Litigation makes the heart grow fonder
Thursday, April 30th, 2009As the weeks and months drag on, all those involved in the W.R. Grace trial are beginning to feel tapped out – the judge, the jury, the lawyers, the daily courtroom observers, and even us reporters. We’re physically and emotionally taxed, and the microbes living in the ring around my collar are starting to get organized.
I’ve also been having way too many Grace-induced dreams, which all play out like a Fellini movie, but are populated by various courtroom characters. Last night, I found myself in a dimly-lit parking garage, perhaps searching for some sage advice from a Deep Throat, but I wound up having a bubble-gun fight with defense lawyer David Bernick. Go figure.
At the same time, the sheer length of the trial has created a sort of cohesive bond, a fellowship that transcends partisanship and factionalism. This was never more evident than today.
Early in the morning, Assistant U.S. Attorney Kris McLean moved to dismiss charges against defendant William McCaig, who, on his courtroom exodus, bade the prosecution team a fond farewell with handshakes all around.
The jubilation continued throughout the day, during recesses in the court proceedings, and at one point defense lawyer Carolyn Kubota even placed a hand on McLean’s shoulder and made a patting motion. Both lawyers smiled, chuckled and exchanged pleasantries that I couldn’t quite make out.
In the evening, Judge Molloy excused the jurors and the lawyers until Tuesday, and everyone expects deliberations to begin by next Friday. Out-of-town lawyers are only too happy to go home to their respective metropolises and decompress for a few days, while local counsel will take advantage of this weekend’s spring weather.

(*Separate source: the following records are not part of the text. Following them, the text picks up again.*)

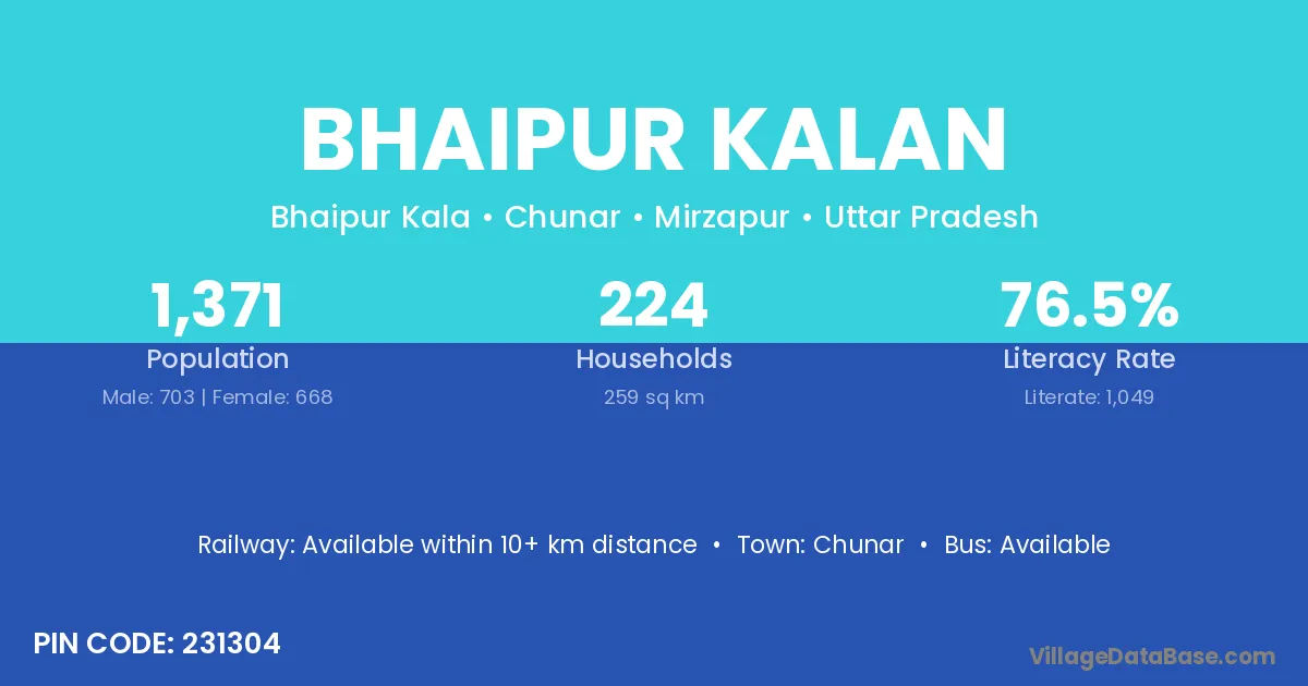 Chunar is the nearest town to Bhaipur Kalan village for major economic activities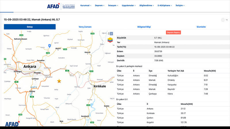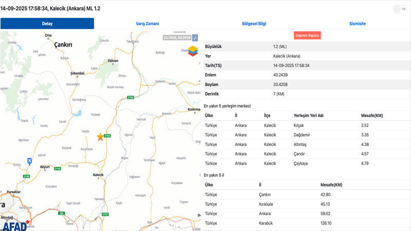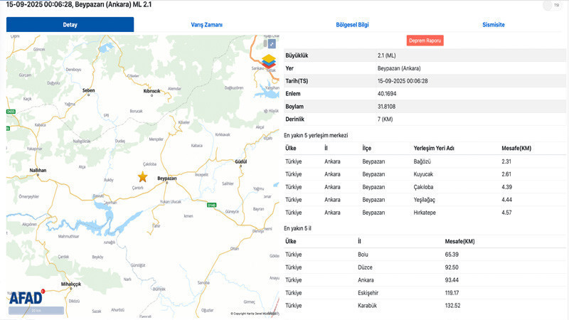Kayıtlara göre hepsi yerin 7 kilometre derinliğinde olmak üzere Mamak’ta 0,7 büyüklüğünde, aynı şekilde Beypazarı’nda 2.1 büyüklüğünde ve Kalecik’te 1.2 büyüklüğünde deprem meydana geldi. Kalecik’teki deprem dün yaşanırken, Mamak ve Beypazarı’ndaki depremler ise bugün meydana geldi.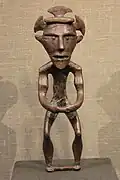 The bronzes found were technologically advanced for the time, including lost wax casting, and showed high degree of artist input in their design.[10] Horses were the most common shapes for the hilts of blades.[2] Weapons such as spearheads with hooks, single-bladed knives and socketed axes with geometric designs traveled west and east from Xinjiang.[11]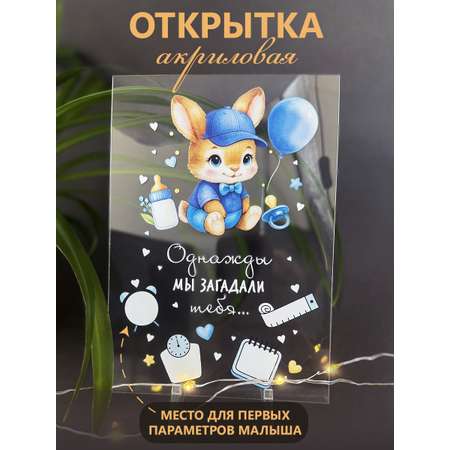 Появление малыша — значимое событие, которое хочется запомнить в мельчайших деталях. Открытка из акрила в формате А5 (140х200 мм) создана для того, чтобы сохранить память о первых мгновениях жизни малыша. Для это предусмотрено место для записи самых важных параметров: даты и времени рождения, роста и веса новорождённого. Это не просто сувенир, а трогательный символ начала новой истории семьи, который можно поставить на полку или в шкаф, превратив в часть интерьера. Подставка для открытки идет в комплекте. Акриловая поверхность придаёт изделию современный и лёгкий облик, а продуманная композиция делает его гармоничным украшением интерьера детской комнаты. Материал долговечнее бумаги, поэтому изделие не боится ни времени, ни влаги. Современный стильный вариант для поздравления. Открытка в роддом станет прекрасным подарком для новоиспеченных мамы и папы. Подойдут открытки для фотосессии малыша. Открытки для новорожденных фотосессии создадут особую атмосферу и помогут подчеркнуть нежность момента. На таком фоне фотографии получатся живыми и яркими. Открытка на выписку из роддома как памятная реликвия, которая будет радовать долгие годы. Родители смогут показывать её ребёнку, когда он подрастёт, рассказывая историю его появления на свет. Для бабушек и дедушек это особенный знак внимания, ведь они тоже хотят сохранить память о первых мгновениях жизни внука. Для друзей семьи это возможность поздравить близкую пару с рождением сыночки и подарить подарок, который выделится на фоне привычных игрушек и одежды.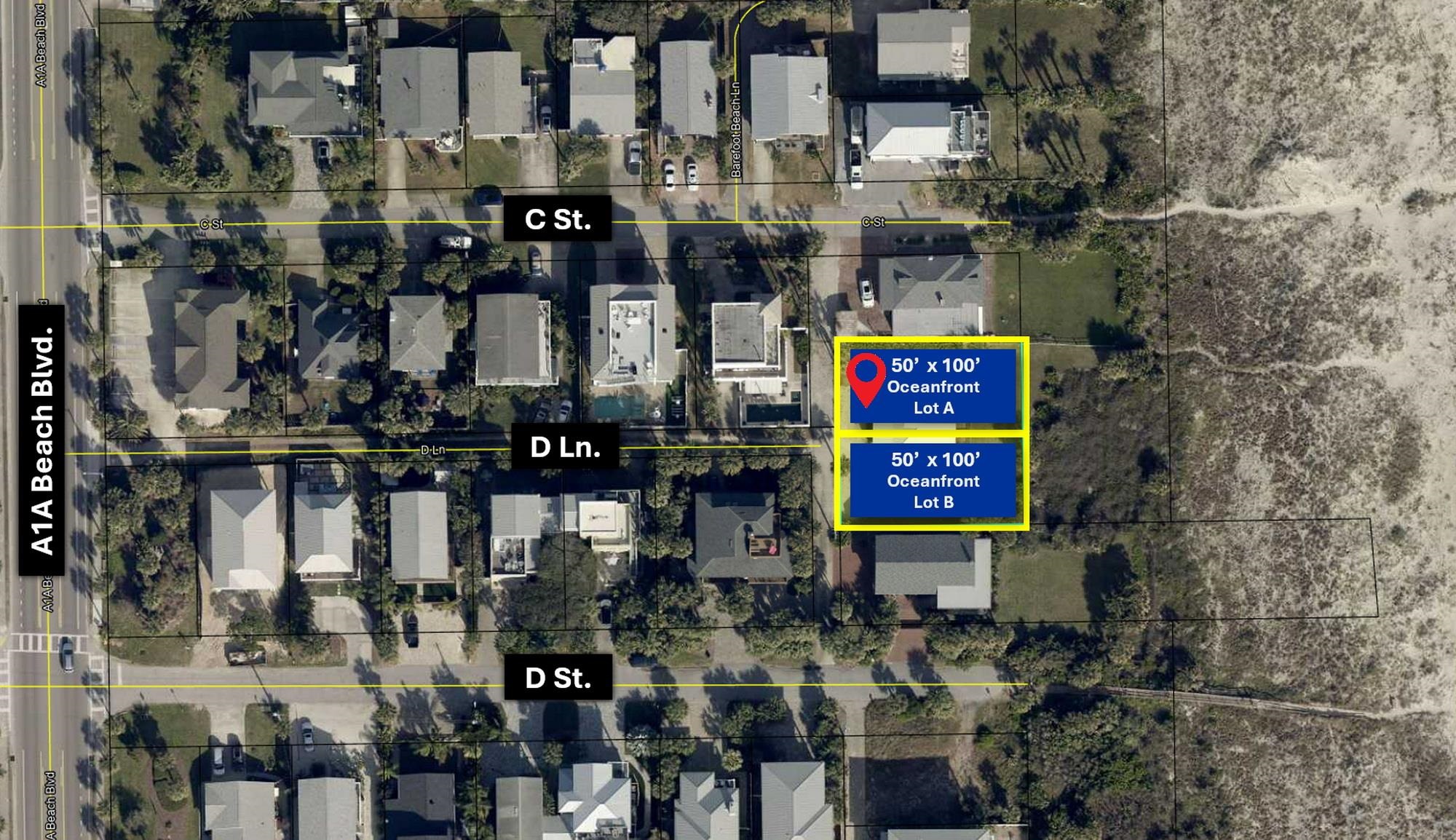 Oceanfront Lot in Prime St. Augustine Beach Location! This 50 x 100 ft residential lot offers unobstructed views of the Atlantic and direct access to the beautiful white sands of St. Augustine Beach. Nestled in a walkable, vibrant coastal community with no HOA restrictions, it's the perfect place to design and build your custom beachfront escape. A rare opportunity in one of Florida’s most beloved beach towns! The adjacent 50 x 100 ft lot (Lot B) is also available. See the photos for details.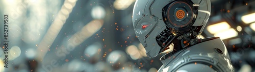 Wall mural Close-up of a futuristic robot with intricate mechanical details, illuminated background adds an advanced technological ambiance. - Wall murals Wall mural Close-up of a futuristic robot with intricate mechanical details, illuminated background adds an advanced technological ambiance. - Wall murals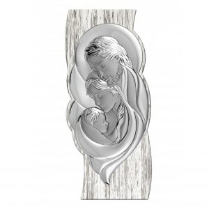 Obrazek srebrny przedstawiający modlącego się chłopca, został wykonany z blachy dwuwarstwowej, aluminium i srebra, osadzony na lakierowanym drewnie.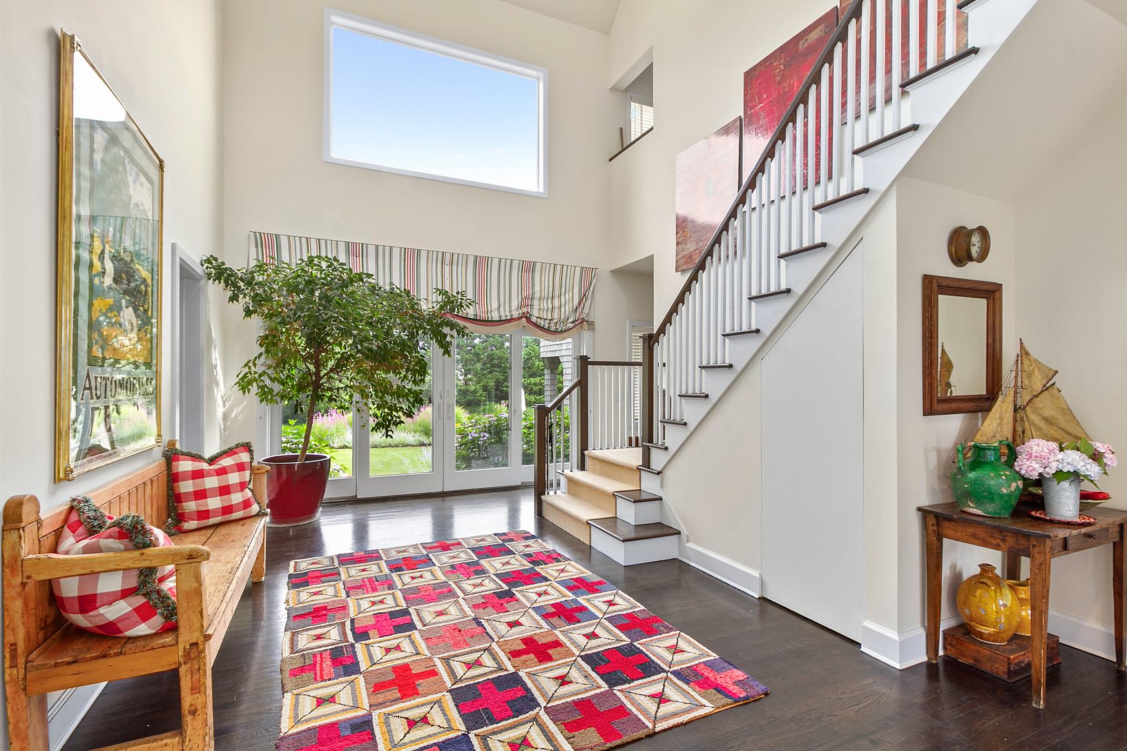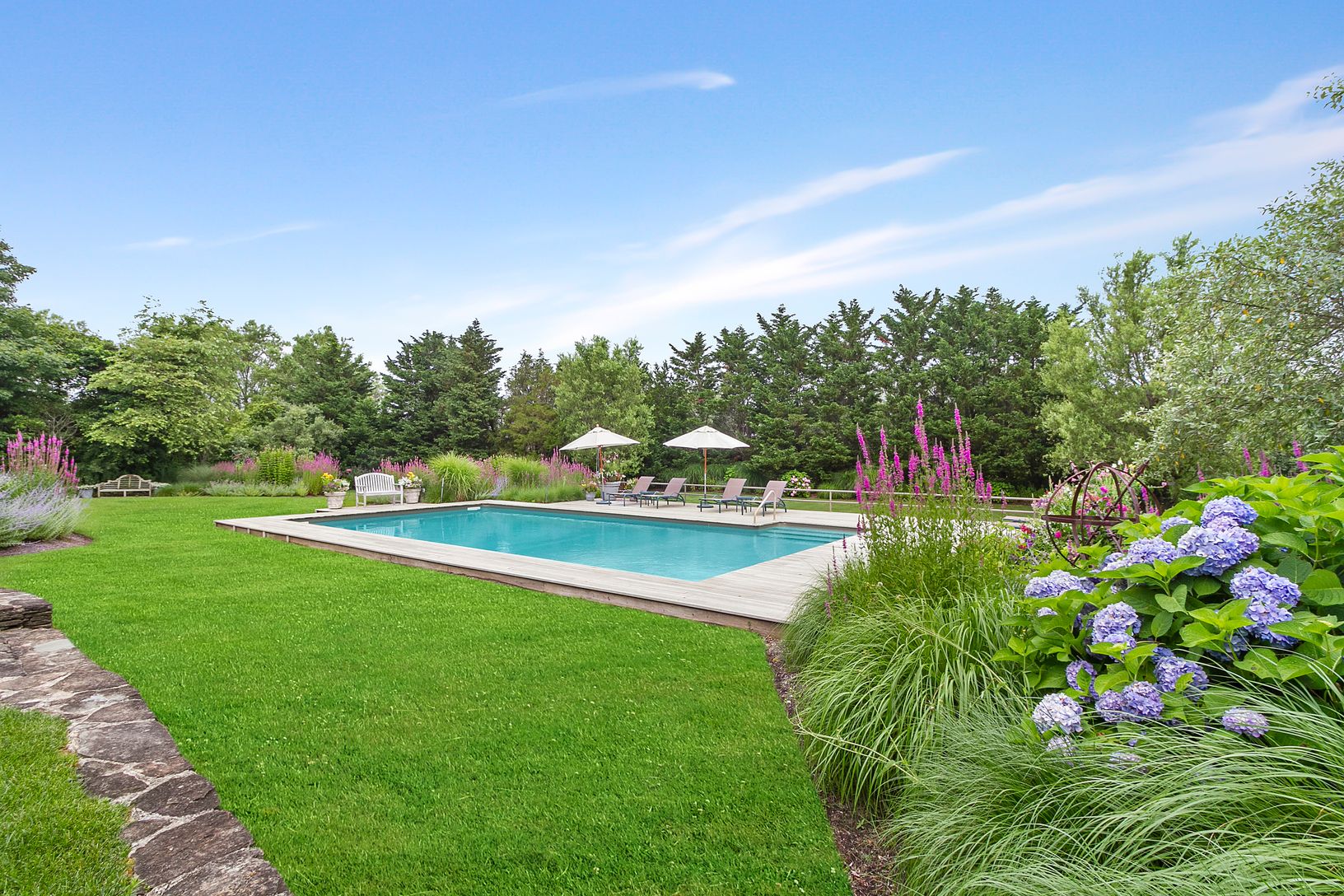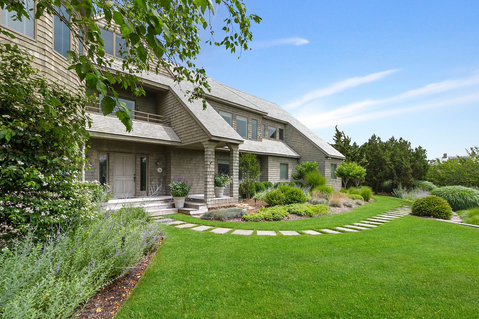 Quogue estate section. This turn-key cedar shake custom-built home is set on 1.1 secluded and magnificently landscaped acres. It’s location at the end of a cul-de-sac, south of Quaquanantuck Lane provides the utmost privacy at one of Quogue’s most sought after locations. The light filled open floor plan includes a spacious great room with vaulted ceilings, wood burning fireplace, sitting area, dining room, and kitchen. A staircase leads up t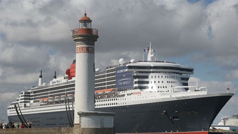 | Le Queen Mary 2 arrive au port de Saint-Nazaire, le 24 juin 2017. |

But just because folks in the courtroom are breathing a sigh of relief doesn’t mean we should forget that scores of people in Libby are gasping for air – and growing less confident every day that Grace will be held criminally accountable for their suffocating.
Of course, as we all saw in the classic film “12 Angry Men,” anything can happen when a group of people gather in a room and start confabbing about a case that began nine weeks earlier, debating evidence and testimony for the very first time over soggy pizza.
Whatever the outcome, let’s not forget about Libby. It just wouldn’t be right.